- _About this task_:
Keep the pictures out and restate every record exactly.

- _Excerpted data_:
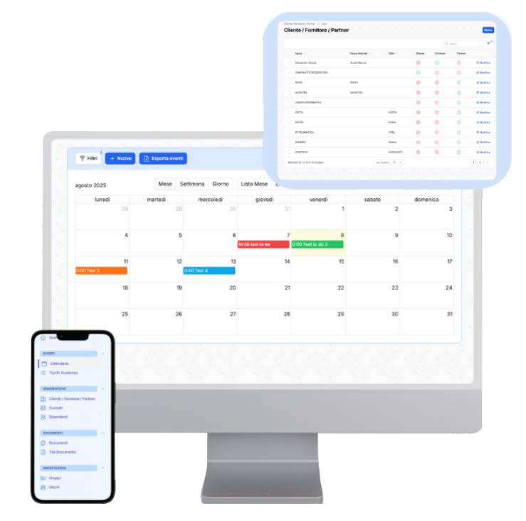 Che si tratti di scadenze di routine o di appuntamenti speciali, avrai tutto sotto controllo in un unico ambiente semplice e intuitivo.
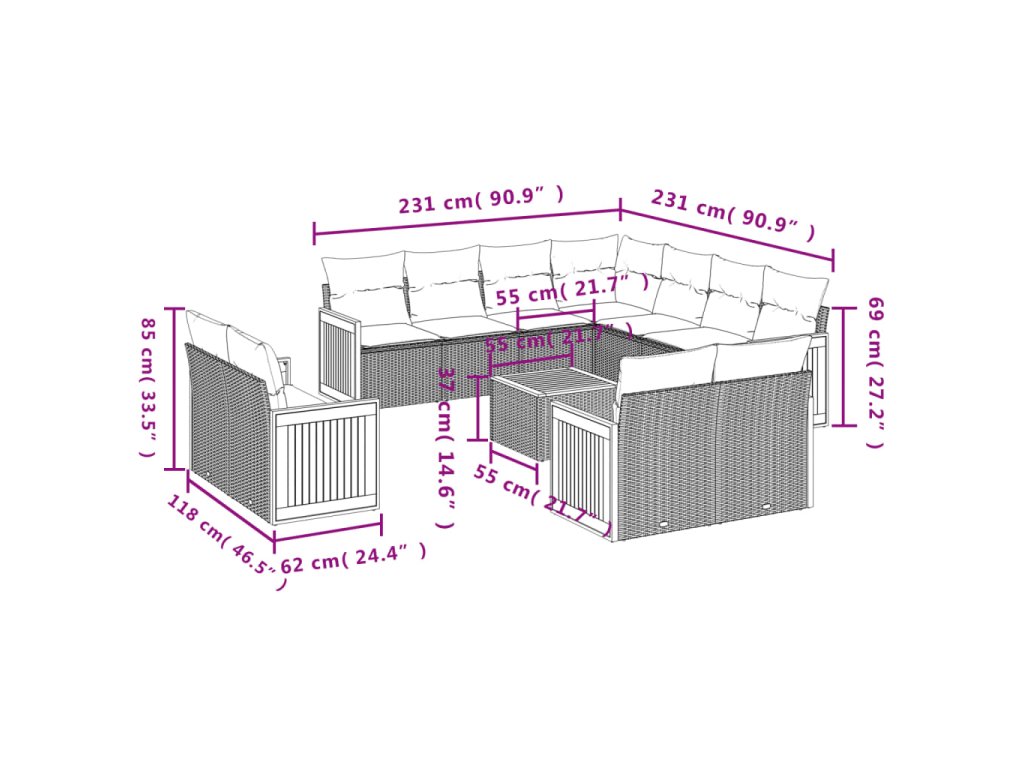 - Modulární design: Tato sada venkovního nábytku se vyznačuje modulární konstrukcí, je tedy zcela flexibilní a lze ji snadno přemisťovat, takže si můžete uspořádat venkovní nábytek dle vašich potřeb.
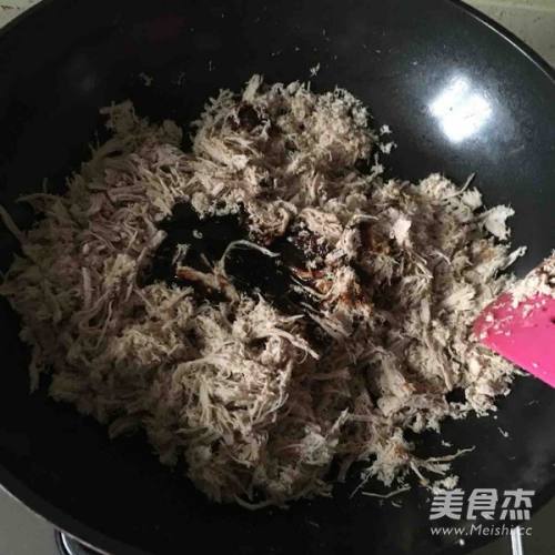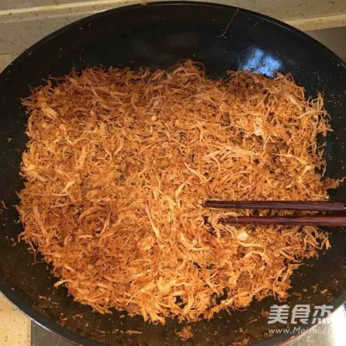 用筷子翻拌焙干即可(喜欢肉松绒状的入料理机打一下即可)
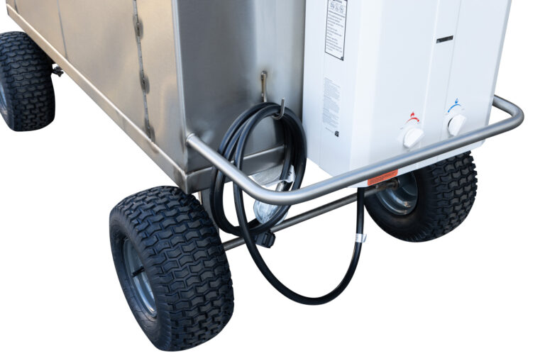 This 3-bowl self-contained sink is made to mount onto a trailer. We can add it onto many of our existing trailer models or include it in the design of new units. Designed for on-site clean-up. Holds 11 gallons of fresh water and 15 gallons of grey water.
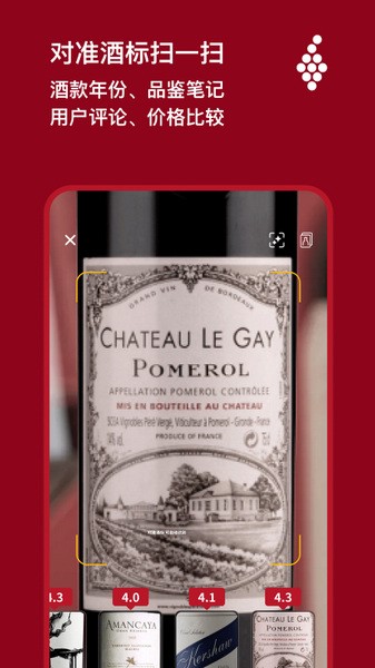 1、拍酒标,查红酒价格和评分:
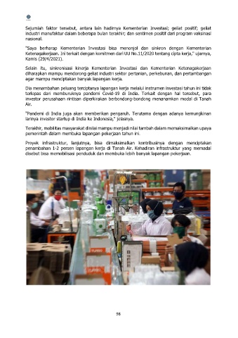 Selain itu, sinkronisasi kinerja Kementerian Investasi dan Kementerian Ketenagakerjaan
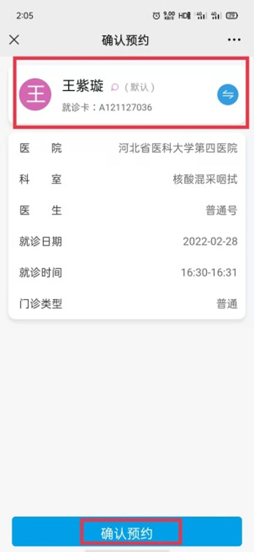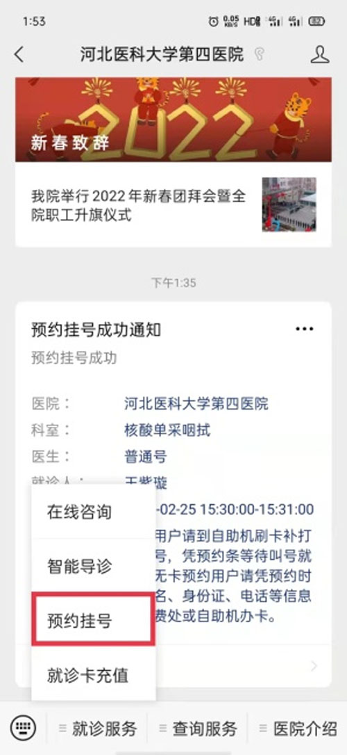就診服務→預約掛號→選擇科室→選擇時間和醫生→點擊預約→選擇時間段→選擇就診人→確定預約→跳轉到繳費列表中→確認支付→支付完成→查詢預約記錄→我的掛號中可查看到掛號信息。
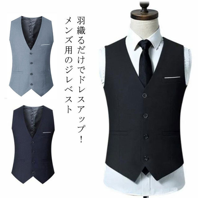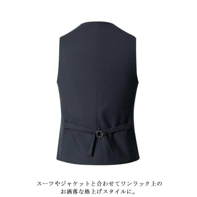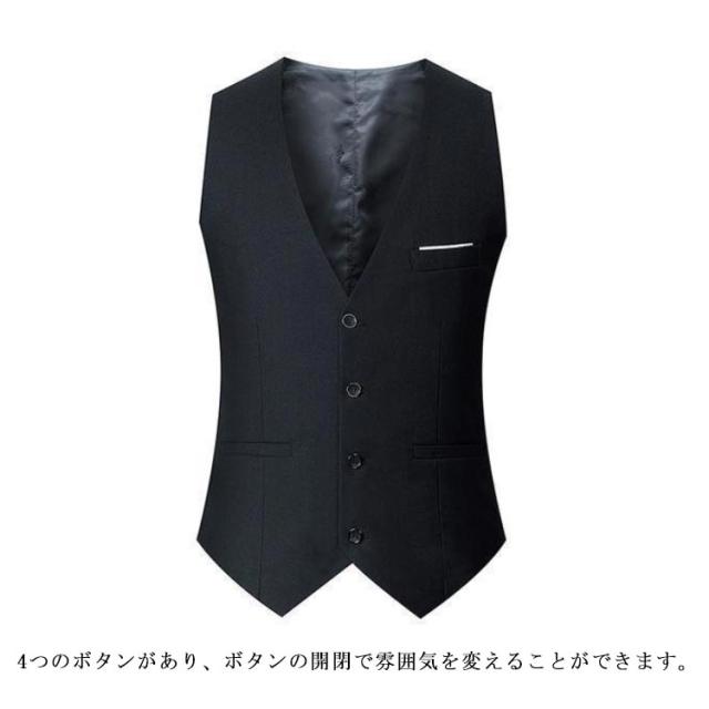 | 羽織るだけでドレスアップ!メンズ用のジレベスト 4つのボタンがあり、ボタンの開閉で雰囲気を変えることができます。 すっきりとしたシルエットがスマートな印象を与える、着やせ効果も抜群! 寒い時期にはジャケットのインナーとしてもこ着用いただけます。 スーツやジャケットと合わせてワンラック上のお洒落な格上げスタイルに。 | |
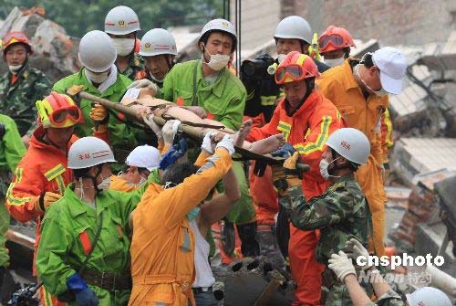 5月17日,上海公安消防救援队在四川映秀镇映秀湾发电厂的映电宾馆废墟里,发现有生命迹象。经过10个多小时的紧张营救,终于在18时15分将20岁的蒋雨航成功救出,他在废墟里存活了124个小时,其父母也在当日下午从贵州赶到现场。中新社发 盛佳鹏 摄
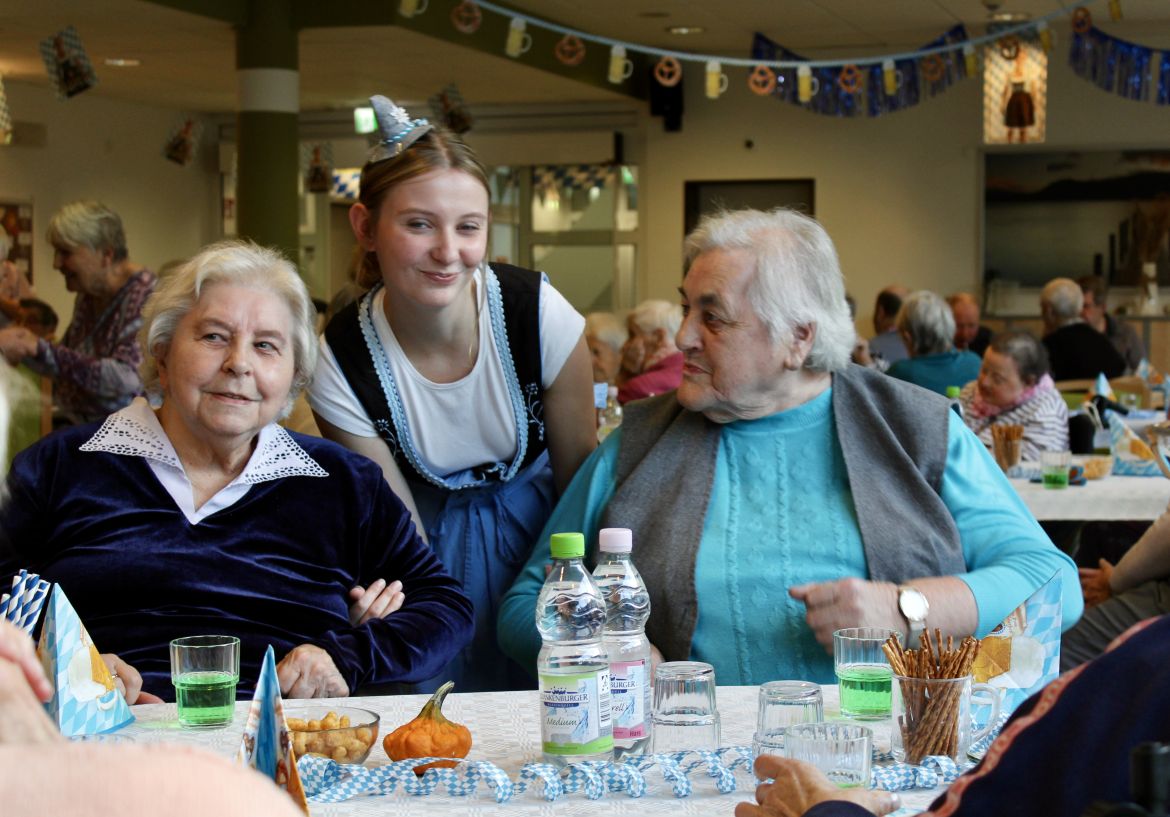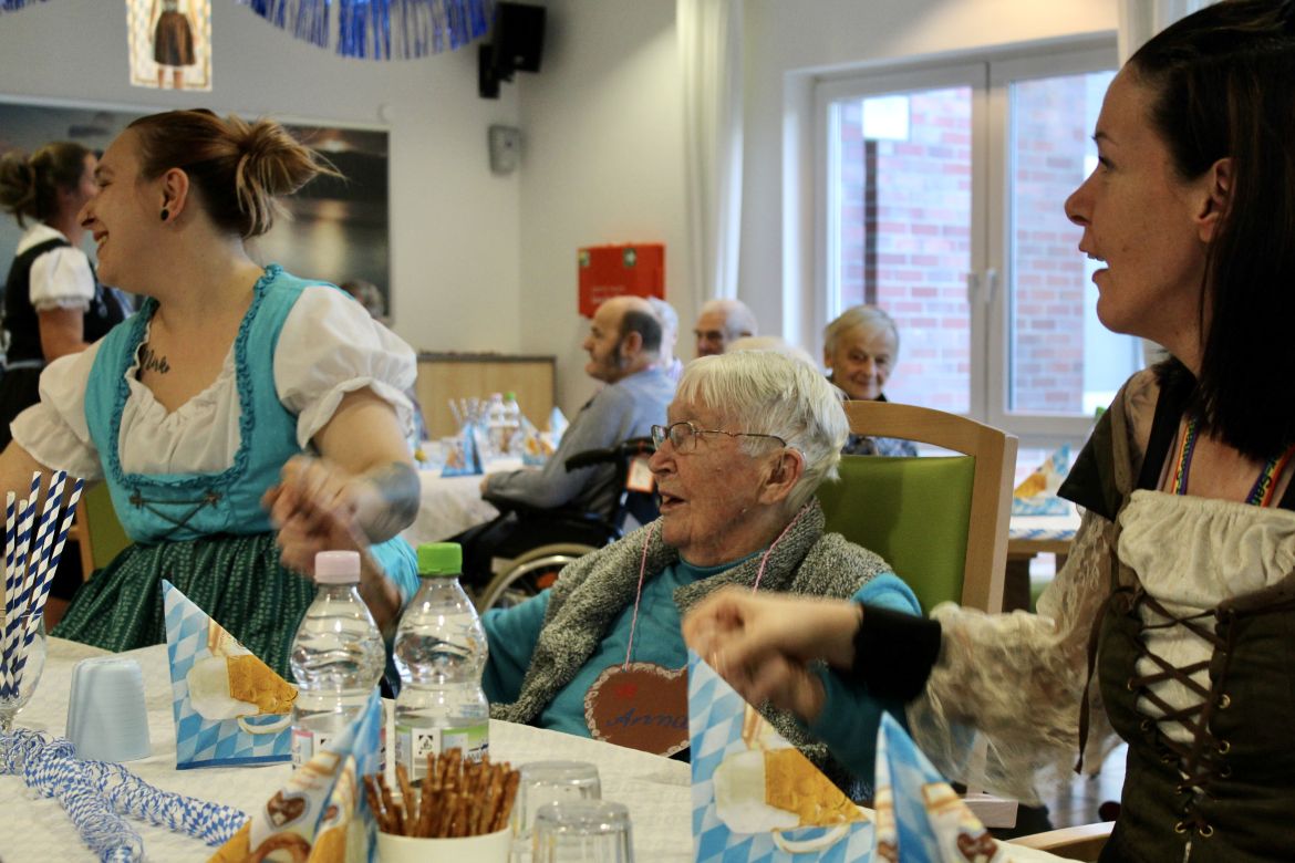 Gut einige Wochen nach dem offiziellen Oktoberfest verwandelte sich der Saal in unserem Pflegeheim „An der Beke“ in ein Meer aus Blau und Weiß und die Flure vibrierten im Rhythmus der Schlagerhits. Wir fuhren im knallroten Gummiboot atemlos durch die Nacht am Pferd auf dem Flur vorbei, baten Schatzi um ein Foto und bekamen einen Stern, der unseren Namen trägt. Es ist wohl der "1,2, Tipp"-Rhythmus, der macht, dass alle munter werden, das Tanzbein schwingen und die Hüfte kreisen lassen…
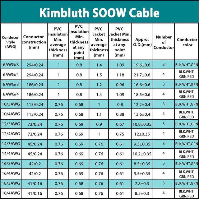 What You Get & Important Notes: You will receive one 200 ft long, 8.5 mm diameter SOOW cord (18 AWG, 4-conductor) made with stranded pure copper.

- _Expected output_:
 Che si tratti di scadenze di routine o di appuntamenti speciali, avrai tutto sotto controllo in un unico ambiente semplice e intuitivo.
 - Modulární design: Tato sada venkovního nábytku se vyznačuje modulární konstrukcí, je tedy zcela flexibilní a lze ji snadno přemisťovat, takže si můžete uspořádat venkovní nábytek dle vašich potřeb.
 用筷子翻拌焙干即可(喜欢肉松绒状的入料理机打一下即可)
 This 3-bowl self-contained sink is made to mount onto a trailer. We can add it onto many of our existing trailer models or include it in the design of new units. Designed for on-site clean-up. Holds 11 gallons of fresh water and 15 gallons of grey water.
 1、拍酒标,查红酒价格和评分:
 Selain itu, sinkronisasi kinerja Kementerian Investasi dan Kementerian Ketenagakerjaan
就診服務→預約掛號→選擇科室→選擇時間和醫生→點擊預約→選擇時間段→選擇就診人→確定預約→跳轉到繳費列表中→確認支付→支付完成→查詢預約記錄→我的掛號中可查看到掛號信息。
 | 羽織るだけでドレスアップ!メンズ用のジレベスト 4つのボタンがあり、ボタンの開閉で雰囲気を変えることができます。 すっきりとしたシルエットがスマートな印象を与える、着やせ効果も抜群! 寒い時期にはジャケットのインナーとしてもこ着用いただけます。 スーツやジャケットと合わせてワンラック上のお洒落な格上げスタイルに。 | |
 5月17日,上海公安消防救援队在四川映秀镇映秀湾发电厂的映电宾馆废墟里,发现有生命迹象。经过10个多小时的紧张营救,终于在18时15分将20岁的蒋雨航成功救出,他在废墟里存活了124个小时,其父母也在当日下午从贵州赶到现场。中新社发 盛佳鹏 摄
 Gut einige Wochen nach dem offiziellen Oktoberfest verwandelte sich der Saal in unserem Pflegeheim „An der Beke“ in ein Meer aus Blau und Weiß und die Flure vibrierten im Rhythmus der Schlagerhits. Wir fuhren im knallroten Gummiboot atemlos durch die Nacht am Pferd auf dem Flur vorbei, baten Schatzi um ein Foto und bekamen einen Stern, der unseren Namen trägt. Es ist wohl der "1,2, Tipp"-Rhythmus, der macht, dass alle munter werden, das Tanzbein schwingen und die Hüfte kreisen lassen…
 What You Get & Important Notes: You will receive one 200 ft long, 8.5 mm diameter SOOW cord (18 AWG, 4-conductor) made with stranded pure copper.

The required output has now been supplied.